### Work to complete
Below are some records. Copy every line in them that holds "Office".
*** Opening of Available data ***
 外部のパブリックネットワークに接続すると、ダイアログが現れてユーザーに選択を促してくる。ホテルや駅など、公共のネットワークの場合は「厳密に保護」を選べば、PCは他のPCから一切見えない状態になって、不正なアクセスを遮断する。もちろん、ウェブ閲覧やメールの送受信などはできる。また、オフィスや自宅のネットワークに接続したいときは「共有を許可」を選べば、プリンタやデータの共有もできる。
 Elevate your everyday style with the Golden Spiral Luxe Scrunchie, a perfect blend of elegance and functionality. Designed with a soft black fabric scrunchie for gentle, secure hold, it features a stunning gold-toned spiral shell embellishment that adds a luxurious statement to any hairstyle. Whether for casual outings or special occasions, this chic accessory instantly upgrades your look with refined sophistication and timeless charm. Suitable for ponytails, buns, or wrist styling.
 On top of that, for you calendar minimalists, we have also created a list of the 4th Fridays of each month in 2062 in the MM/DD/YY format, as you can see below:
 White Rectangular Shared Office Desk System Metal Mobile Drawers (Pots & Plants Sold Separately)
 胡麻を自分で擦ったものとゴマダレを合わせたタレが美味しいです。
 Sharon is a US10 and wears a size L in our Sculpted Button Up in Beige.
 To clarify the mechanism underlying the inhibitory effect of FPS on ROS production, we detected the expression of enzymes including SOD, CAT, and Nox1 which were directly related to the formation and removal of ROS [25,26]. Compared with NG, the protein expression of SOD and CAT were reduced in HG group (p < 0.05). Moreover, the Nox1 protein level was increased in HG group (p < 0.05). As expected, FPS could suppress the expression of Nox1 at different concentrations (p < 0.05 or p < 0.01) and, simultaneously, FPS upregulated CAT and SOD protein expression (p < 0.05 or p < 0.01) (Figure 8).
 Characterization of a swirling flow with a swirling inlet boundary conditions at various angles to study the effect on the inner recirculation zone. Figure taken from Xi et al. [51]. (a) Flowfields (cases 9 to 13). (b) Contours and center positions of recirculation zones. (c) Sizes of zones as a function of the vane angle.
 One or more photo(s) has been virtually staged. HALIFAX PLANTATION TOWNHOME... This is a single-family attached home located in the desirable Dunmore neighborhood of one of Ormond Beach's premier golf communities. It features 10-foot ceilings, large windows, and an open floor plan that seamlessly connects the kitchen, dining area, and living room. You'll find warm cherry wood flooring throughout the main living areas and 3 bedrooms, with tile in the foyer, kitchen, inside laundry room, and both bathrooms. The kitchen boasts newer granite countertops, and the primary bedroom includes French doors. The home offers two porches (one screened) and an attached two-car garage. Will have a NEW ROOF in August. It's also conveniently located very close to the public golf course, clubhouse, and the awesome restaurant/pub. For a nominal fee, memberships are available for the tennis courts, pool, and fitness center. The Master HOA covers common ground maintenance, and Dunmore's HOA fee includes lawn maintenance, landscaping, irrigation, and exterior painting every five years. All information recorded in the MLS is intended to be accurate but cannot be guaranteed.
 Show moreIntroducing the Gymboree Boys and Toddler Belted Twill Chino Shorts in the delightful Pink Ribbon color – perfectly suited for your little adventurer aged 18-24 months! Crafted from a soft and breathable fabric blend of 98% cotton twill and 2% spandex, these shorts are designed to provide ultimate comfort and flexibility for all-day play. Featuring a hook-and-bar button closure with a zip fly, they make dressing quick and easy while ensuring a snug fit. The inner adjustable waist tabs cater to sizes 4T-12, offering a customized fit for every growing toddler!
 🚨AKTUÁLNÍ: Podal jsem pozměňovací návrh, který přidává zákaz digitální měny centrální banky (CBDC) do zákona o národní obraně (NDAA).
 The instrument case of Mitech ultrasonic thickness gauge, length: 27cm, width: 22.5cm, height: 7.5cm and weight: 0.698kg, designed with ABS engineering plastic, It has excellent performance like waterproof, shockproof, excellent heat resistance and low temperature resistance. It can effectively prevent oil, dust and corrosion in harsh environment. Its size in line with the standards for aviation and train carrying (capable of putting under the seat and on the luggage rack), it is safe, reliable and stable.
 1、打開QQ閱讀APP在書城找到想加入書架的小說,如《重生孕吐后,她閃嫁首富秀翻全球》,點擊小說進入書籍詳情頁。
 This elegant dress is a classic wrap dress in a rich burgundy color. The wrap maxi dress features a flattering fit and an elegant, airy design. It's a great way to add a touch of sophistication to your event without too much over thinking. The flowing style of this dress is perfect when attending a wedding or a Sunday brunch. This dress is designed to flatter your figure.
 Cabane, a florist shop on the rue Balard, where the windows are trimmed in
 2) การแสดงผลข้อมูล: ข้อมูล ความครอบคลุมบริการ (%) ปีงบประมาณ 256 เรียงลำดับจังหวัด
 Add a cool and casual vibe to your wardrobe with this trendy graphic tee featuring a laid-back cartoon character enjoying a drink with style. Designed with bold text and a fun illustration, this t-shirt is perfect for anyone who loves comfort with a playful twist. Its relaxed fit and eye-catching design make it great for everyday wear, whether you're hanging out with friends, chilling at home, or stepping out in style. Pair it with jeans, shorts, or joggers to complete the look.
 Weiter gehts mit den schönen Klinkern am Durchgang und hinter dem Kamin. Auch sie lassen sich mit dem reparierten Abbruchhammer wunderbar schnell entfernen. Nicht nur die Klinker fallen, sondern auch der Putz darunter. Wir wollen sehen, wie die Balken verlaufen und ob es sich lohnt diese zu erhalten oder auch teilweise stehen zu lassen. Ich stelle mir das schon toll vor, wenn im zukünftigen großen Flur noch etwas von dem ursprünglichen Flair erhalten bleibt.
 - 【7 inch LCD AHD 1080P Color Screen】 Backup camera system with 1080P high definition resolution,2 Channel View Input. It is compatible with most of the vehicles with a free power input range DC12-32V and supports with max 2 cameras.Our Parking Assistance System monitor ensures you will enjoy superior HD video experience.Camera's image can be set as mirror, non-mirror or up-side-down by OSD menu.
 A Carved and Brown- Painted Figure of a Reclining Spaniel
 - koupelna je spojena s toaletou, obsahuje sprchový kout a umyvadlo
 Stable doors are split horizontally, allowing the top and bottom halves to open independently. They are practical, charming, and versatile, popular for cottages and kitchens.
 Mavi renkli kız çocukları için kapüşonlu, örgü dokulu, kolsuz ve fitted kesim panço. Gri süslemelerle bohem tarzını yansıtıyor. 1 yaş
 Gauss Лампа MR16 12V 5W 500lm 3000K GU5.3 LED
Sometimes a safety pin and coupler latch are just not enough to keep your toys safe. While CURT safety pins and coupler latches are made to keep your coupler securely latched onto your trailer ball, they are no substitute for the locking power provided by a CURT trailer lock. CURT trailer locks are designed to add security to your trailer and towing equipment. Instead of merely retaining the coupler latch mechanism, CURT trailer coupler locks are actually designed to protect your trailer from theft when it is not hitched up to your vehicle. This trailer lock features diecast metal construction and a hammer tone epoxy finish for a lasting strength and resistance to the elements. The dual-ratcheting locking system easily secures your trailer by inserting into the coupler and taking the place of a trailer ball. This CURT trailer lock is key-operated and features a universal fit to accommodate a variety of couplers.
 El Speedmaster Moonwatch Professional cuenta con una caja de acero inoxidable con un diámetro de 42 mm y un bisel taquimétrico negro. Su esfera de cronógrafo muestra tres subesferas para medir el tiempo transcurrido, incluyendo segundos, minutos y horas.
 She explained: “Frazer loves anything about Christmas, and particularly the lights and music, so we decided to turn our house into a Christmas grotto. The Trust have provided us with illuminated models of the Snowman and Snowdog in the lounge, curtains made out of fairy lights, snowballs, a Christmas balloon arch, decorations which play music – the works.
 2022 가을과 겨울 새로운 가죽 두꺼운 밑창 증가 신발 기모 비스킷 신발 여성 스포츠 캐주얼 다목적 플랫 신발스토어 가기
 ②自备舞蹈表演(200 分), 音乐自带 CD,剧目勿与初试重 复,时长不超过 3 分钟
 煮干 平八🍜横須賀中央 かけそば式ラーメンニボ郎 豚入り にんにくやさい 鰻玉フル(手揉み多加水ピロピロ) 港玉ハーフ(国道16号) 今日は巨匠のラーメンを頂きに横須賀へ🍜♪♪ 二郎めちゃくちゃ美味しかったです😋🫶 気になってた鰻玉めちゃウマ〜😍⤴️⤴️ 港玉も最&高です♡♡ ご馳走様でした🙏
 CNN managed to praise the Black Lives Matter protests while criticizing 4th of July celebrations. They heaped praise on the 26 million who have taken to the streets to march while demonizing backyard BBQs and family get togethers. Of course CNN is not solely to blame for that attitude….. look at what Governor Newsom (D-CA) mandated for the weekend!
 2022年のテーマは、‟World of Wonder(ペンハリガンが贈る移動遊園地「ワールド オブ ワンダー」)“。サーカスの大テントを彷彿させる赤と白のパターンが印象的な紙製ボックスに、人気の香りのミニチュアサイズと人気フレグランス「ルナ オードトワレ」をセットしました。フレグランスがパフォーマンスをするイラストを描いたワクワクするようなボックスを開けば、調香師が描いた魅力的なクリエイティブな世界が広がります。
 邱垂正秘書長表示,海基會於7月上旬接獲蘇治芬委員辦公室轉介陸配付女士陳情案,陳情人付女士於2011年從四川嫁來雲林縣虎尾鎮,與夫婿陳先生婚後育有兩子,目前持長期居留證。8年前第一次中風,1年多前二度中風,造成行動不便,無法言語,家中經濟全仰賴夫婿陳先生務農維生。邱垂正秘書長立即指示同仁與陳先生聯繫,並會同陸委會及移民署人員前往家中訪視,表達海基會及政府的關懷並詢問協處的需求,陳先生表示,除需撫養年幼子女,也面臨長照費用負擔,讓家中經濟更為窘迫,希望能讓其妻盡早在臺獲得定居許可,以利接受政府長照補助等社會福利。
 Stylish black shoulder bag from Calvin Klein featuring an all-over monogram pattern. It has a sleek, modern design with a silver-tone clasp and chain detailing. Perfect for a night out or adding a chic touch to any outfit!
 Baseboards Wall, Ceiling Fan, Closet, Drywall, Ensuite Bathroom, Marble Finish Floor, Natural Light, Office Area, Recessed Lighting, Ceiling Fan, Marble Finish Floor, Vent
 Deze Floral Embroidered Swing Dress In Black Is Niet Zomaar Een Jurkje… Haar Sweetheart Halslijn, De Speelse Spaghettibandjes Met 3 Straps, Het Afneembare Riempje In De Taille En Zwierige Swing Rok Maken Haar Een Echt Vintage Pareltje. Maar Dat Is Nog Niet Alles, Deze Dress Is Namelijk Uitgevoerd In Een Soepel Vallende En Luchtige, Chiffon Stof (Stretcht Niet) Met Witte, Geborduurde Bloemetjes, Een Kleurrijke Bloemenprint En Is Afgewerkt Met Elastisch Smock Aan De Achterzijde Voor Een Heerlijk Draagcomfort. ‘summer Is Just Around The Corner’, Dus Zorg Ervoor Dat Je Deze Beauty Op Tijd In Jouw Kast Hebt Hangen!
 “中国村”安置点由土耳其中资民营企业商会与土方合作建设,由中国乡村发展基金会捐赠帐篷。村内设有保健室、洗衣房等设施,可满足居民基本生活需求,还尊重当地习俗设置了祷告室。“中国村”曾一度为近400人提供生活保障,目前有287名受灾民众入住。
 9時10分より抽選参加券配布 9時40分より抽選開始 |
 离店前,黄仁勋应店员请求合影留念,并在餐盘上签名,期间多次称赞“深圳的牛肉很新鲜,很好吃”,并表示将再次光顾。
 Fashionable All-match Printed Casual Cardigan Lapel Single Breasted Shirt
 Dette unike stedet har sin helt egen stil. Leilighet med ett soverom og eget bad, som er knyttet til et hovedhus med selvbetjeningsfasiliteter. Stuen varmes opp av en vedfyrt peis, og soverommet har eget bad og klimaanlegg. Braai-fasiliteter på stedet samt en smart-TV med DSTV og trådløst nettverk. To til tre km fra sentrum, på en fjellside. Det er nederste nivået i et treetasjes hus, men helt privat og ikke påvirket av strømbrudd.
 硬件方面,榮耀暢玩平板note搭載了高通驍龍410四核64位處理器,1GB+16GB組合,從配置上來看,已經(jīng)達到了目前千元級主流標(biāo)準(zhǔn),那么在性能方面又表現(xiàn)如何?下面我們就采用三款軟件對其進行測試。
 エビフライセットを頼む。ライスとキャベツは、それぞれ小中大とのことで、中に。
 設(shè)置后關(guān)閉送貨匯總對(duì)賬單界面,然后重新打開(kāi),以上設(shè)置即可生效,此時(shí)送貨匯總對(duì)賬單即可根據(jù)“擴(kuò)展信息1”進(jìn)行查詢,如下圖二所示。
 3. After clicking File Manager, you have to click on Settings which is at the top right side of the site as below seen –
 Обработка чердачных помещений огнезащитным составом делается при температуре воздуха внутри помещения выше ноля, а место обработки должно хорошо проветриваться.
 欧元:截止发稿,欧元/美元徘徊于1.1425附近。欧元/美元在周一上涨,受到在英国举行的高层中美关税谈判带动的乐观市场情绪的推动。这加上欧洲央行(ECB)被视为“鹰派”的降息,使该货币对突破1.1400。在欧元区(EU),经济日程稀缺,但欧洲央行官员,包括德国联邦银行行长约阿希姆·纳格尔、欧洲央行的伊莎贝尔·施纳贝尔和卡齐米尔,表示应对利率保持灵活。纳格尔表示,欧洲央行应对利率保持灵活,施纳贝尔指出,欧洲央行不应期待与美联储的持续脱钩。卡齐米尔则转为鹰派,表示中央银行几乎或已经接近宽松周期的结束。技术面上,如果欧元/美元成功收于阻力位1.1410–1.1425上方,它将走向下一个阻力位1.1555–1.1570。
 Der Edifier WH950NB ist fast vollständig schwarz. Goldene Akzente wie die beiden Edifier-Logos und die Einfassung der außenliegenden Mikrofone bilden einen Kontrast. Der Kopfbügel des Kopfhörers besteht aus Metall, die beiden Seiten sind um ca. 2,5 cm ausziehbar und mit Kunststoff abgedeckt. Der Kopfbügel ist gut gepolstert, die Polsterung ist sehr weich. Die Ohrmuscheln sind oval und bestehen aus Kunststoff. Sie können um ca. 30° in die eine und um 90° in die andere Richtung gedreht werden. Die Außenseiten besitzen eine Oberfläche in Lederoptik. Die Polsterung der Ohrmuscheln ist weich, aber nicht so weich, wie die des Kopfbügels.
*** Close of Available data ***
### Exercise answer
 White Rectangular Shared Office Desk System Metal Mobile Drawers (Pots & Plants Sold Separately)
 Baseboards Wall, Ceiling Fan, Closet, Drywall, Ensuite Bathroom, Marble Finish Floor, Natural Light, Office Area, Recessed Lighting, Ceiling Fan, Marble Finish Floor, Vent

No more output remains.